(Supplied information):
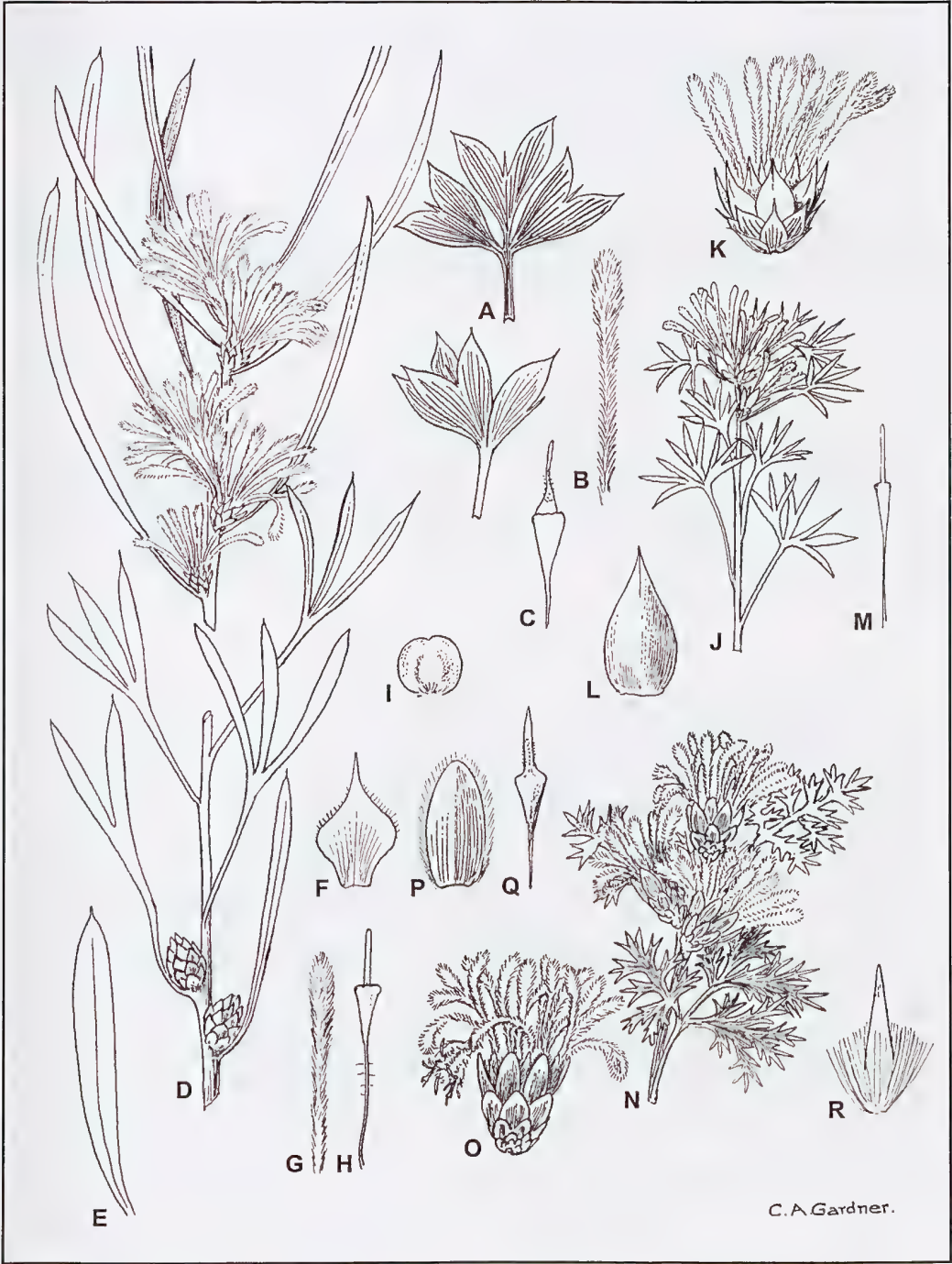
Figure 3. Petrophile illustration drawn by C.A. Gardner (Plate XIII [as XIX] of unpublished bound copy of Flora of Western Australia vol. 1, part 3). A–C. P. biloba . A – leaves; B – flower bud; C – pollen presenter. D–I. P. heterophylla . D – habit; E – leaf; F – floral bract; G – flower bud; H – upper half of style; I – diaspore. J–M. P. squamata var. colorata . J – habit; K – flower head; L – bract; M – pollen presenter. N–R. P. striata . N – habit; O – flower head; P – floral bract; Q – pollen presenter; R – diaspore.
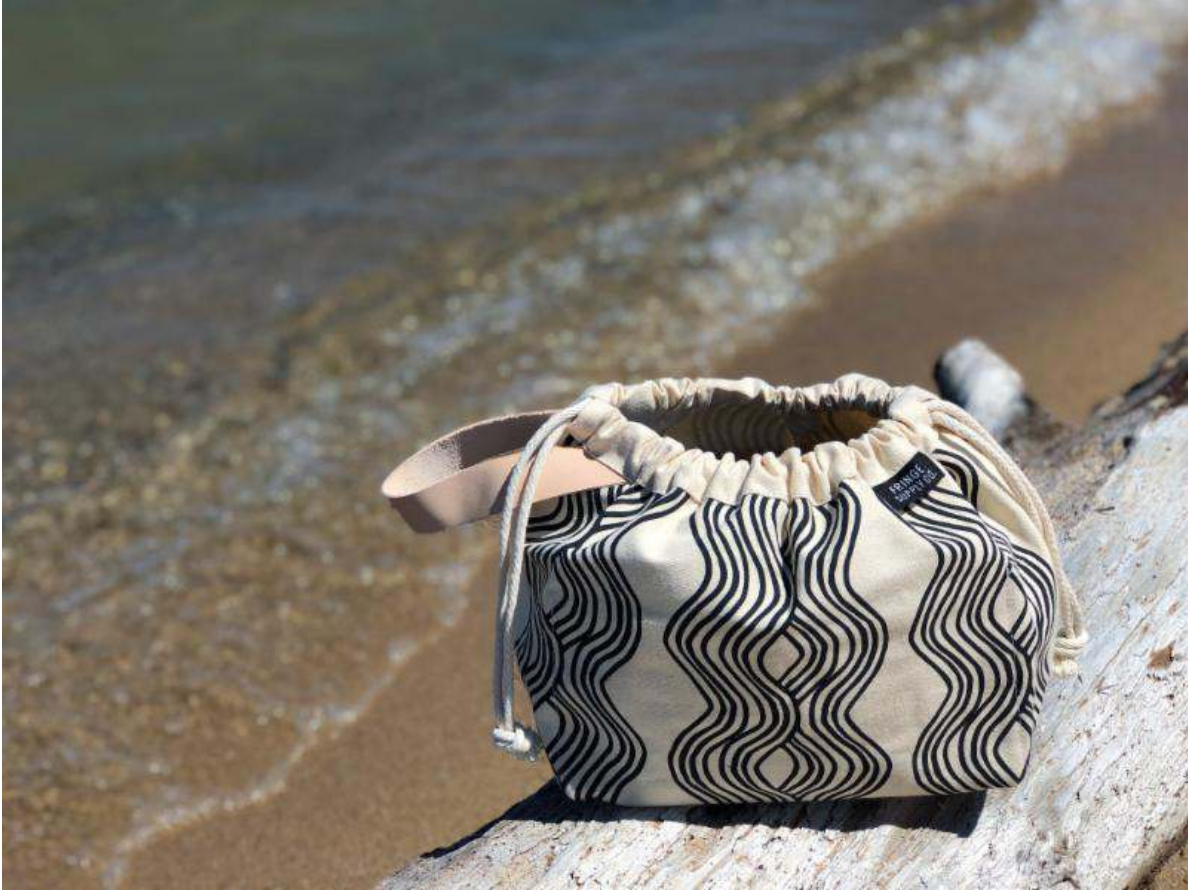
limited edition Field Bag in 'Hank'
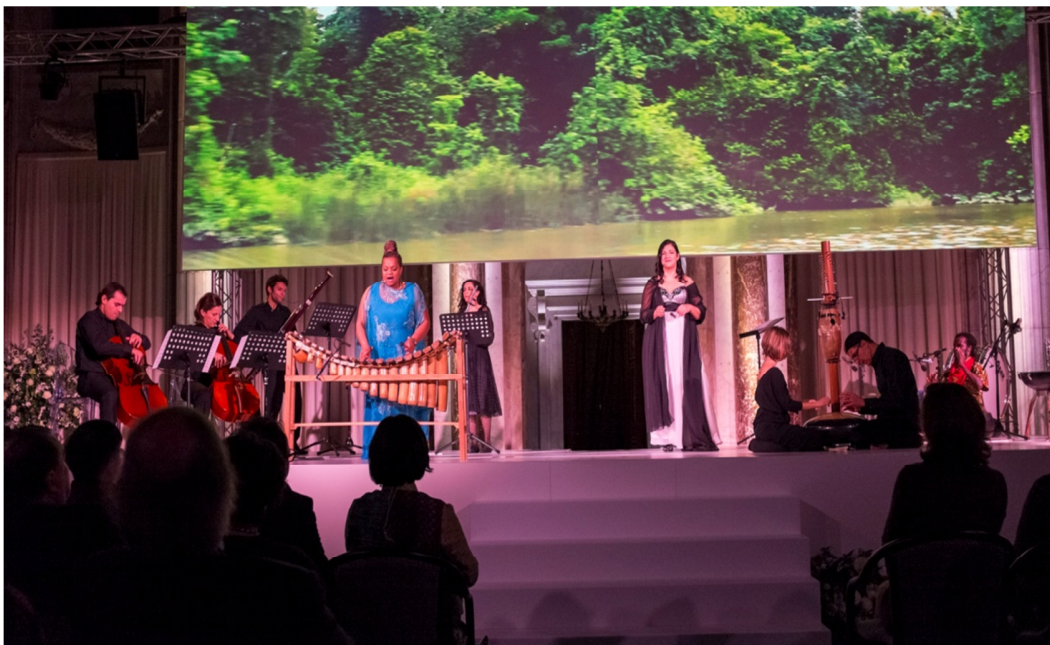
Presentation of 3 Thousand Rivers: Prelude by Victor Gama

The ceremony in the Royal Palace in Amsterdam opened and closed with the presentation of the musical composition 3 Thousand Rivers: Prelude by Victor Gama and included a Taller Flora Fashion Show by Prince Claus laureate Carla Fernández.

(To do):
Output the full listing above exactly, excluding all pictures.

(Written answer):
Figure 3. Petrophile illustration drawn by C.A. Gardner (Plate XIII [as XIX] of unpublished bound copy of Flora of Western Australia vol. 1, part 3). A–C. P. biloba . A – leaves; B – flower bud; C – pollen presenter. D–I. P. heterophylla . D – habit; E – leaf; F – floral bract; G – flower bud; H – upper half of style; I – diaspore. J–M. P. squamata var. colorata . J – habit; K – flower head; L – bract; M – pollen presenter. N–R. P. striata . N – habit; O – flower head; P – floral bract; Q – pollen presenter; R – diaspore.
limited edition Field Bag in 'Hank'
Presentation of 3 Thousand Rivers: Prelude by Victor Gama

The ceremony in the Royal Palace in Amsterdam opened and closed with the presentation of the musical composition 3 Thousand Rivers: Prelude by Victor Gama and included a Taller Flora Fashion Show by Prince Claus laureate Carla Fernández.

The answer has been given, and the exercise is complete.